• **Task goal**
Retype each entry exactly. Skip any pictures.

+++

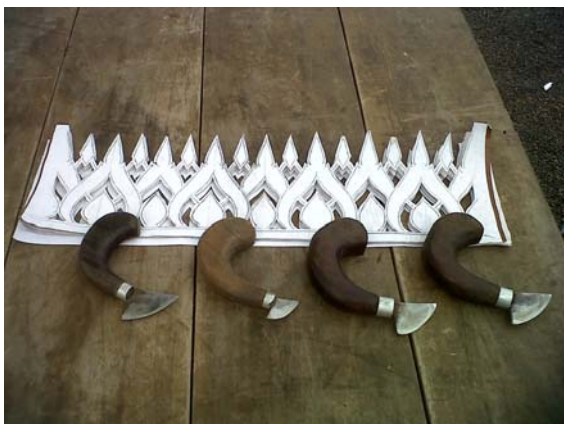
ภาพที่ 6 มีดขุดสำหรับฉลุลายกระดาษ และต้นแบบลวดลายกระดาษ
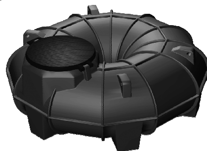
PROLUNGA MODULARE OPZIONALE
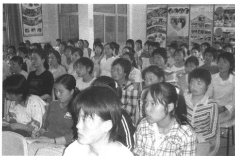
参加法律知识培训的打工妹们。
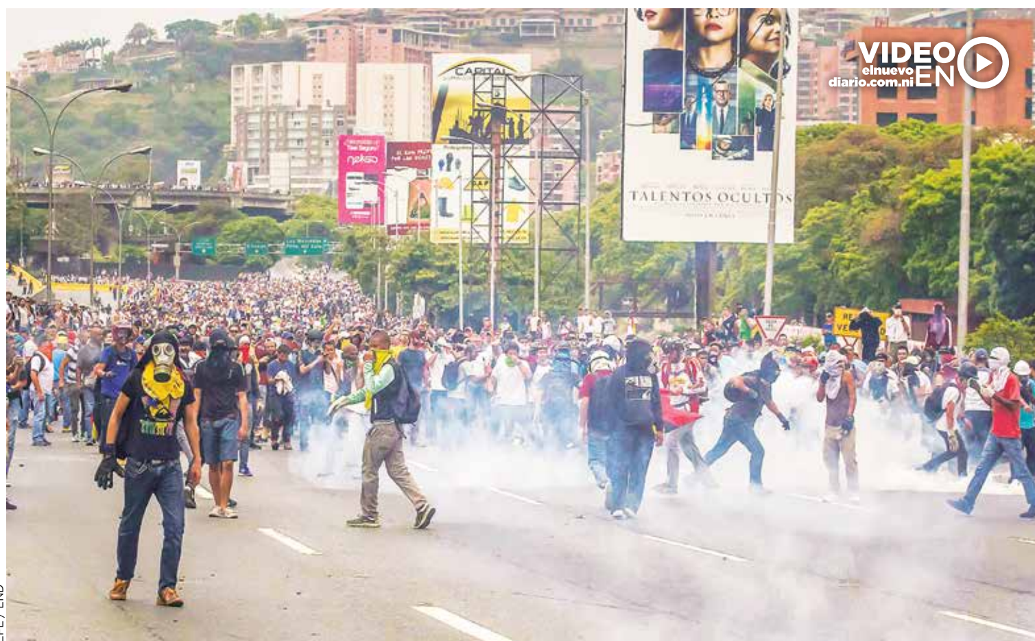
EFE / END
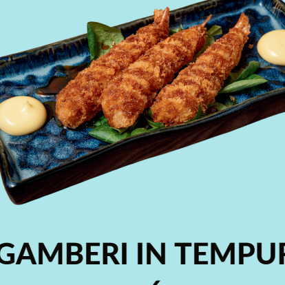
GAMBERI IN TEMPURA 6

Delicious chicken skewers topped with Teriyaki sauce
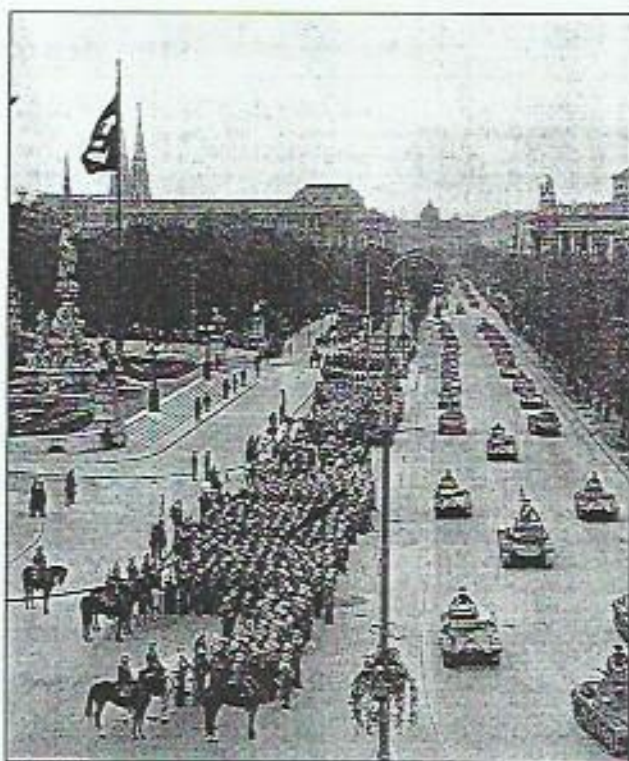
Doc. 3 En mars 1938, Hitler rentre dans Vienne et annexe l'Autriche.
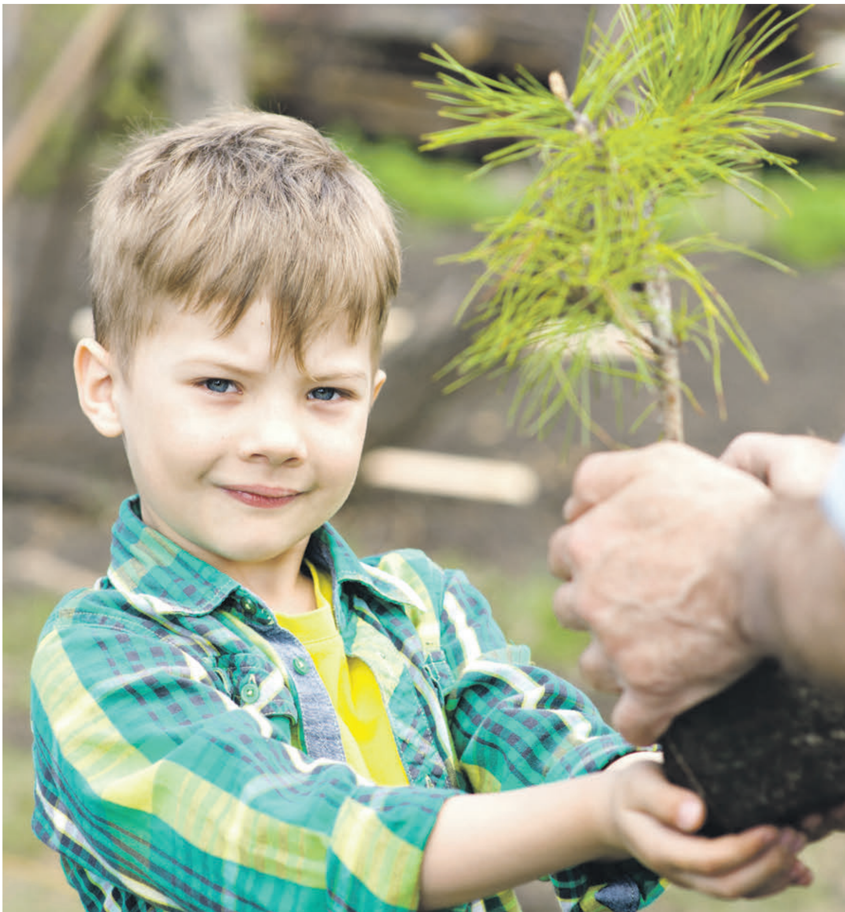
Особенно мастер-классами по высадке кедров интересуются дети. Посаженные ими кедрки начнут плодоносить через 15–20 лет. Конечно, при условии, что за деревьями все это время будут правильно ухаживать

Ликбез по посадке девушки снабжают обильным познавательным материалом. Участникам мастер-класса обязательно рассказывают, что сибирский кедр — дерево, обладающее уникальными свойствами. Его хвоя наполняет воздух фитонцидами, делает его чистым и целебным. Кроме того, всеми любимы вкусные кедровые орешки, которыми, при хорошем уходе, кедр может порадовать уже в 10–15-летнем возрасте. Сейчас в Москве растут кедры: в Александровском саду, у Музея Рерихов, на Новослободской, в парке Победы, на ВДНХ и в парке «Останкино»... Самые старые кедры Москвы — им около 150 лет — растут в Измайловском парке, недалеко от Главной аллеи. Самые молодые — им 7 лет — на берегу Серебряно-Виноградного пруда. Эту кедровую рощу посадили немецкие участники «Автопробега дружбы Берлин — Москва» в августе 2017 года. В завершение занятий всем участникам мастер-класса предлагается поучаствовать в уникальной экскурсии по «Кедровой тропе Москвы», в новых кедровых мастер-классах, а также в международном творческом конкурсе «Мишка.Кедр.Шишка». Желающие могут расширить свои познания о чудо-дереве в детском кедровом питомнике в Измайлово, кедровом клубе «Серебряные кедролобы» на Якиманке, побывать на Дне кедра и на предстоящем «Кедровом балу» в Библиотеке им. А. П. Боголюбова.
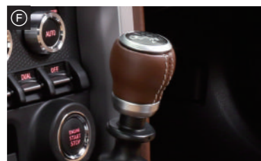
シフトノブMT専用・・・¥18,000(税抜) シフトノブAT専用・・・¥18,000(税抜)

+++

• **Written solution**
ภาพที่ 6 มีดขุดสำหรับฉลุลายกระดาษ และต้นแบบลวดลายกระดาษ
PROLUNGA MODULARE OPZIONALE
参加法律知识培训的打工妹们。
EFE / END
GAMBERI IN TEMPURA 6

Delicious chicken skewers topped with Teriyaki sauce
Doc. 3 En mars 1938, Hitler rentre dans Vienne et annexe l'Autriche.
Особенно мастер-классами по высадке кедров интересуются дети. Посаженные ими кедрки начнут плодоносить через 15–20 лет. Конечно, при условии, что за деревьями все это время будут правильно ухаживать

Ликбез по посадке девушки снабжают обильным познавательным материалом. Участникам мастер-класса обязательно рассказывают, что сибирский кедр — дерево, обладающее уникальными свойствами. Его хвоя наполняет воздух фитонцидами, делает его чистым и целебным. Кроме того, всеми любимы вкусные кедровые орешки, которыми, при хорошем уходе, кедр может порадовать уже в 10–15-летнем возрасте. Сейчас в Москве растут кедры: в Александровском саду, у Музея Рерихов, на Новослободской, в парке Победы, на ВДНХ и в парке «Останкино»... Самые старые кедры Москвы — им около 150 лет — растут в Измайловском парке, недалеко от Главной аллеи. Самые молодые — им 7 лет — на берегу Серебряно-Виноградного пруда. Эту кедровую рощу посадили немецкие участники «Автопробега дружбы Берлин — Москва» в августе 2017 года. В завершение занятий всем участникам мастер-класса предлагается поучаствовать в уникальной экскурсии по «Кедровой тропе Москвы», в новых кедровых мастер-классах, а также в международном творческом конкурсе «Мишка.Кедр.Шишка». Желающие могут расширить свои познания о чудо-дереве в детском кедровом питомнике в Измайлово, кедровом клубе «Серебряные кедролобы» на Якиманке, побывать на Дне кедра и на предстоящем «Кедровом балу» в Библиотеке им. А. П. Боголюбова.
シフトノブMT専用・・・¥18,000(税抜) シフトノブAT専用・・・¥18,000(税抜)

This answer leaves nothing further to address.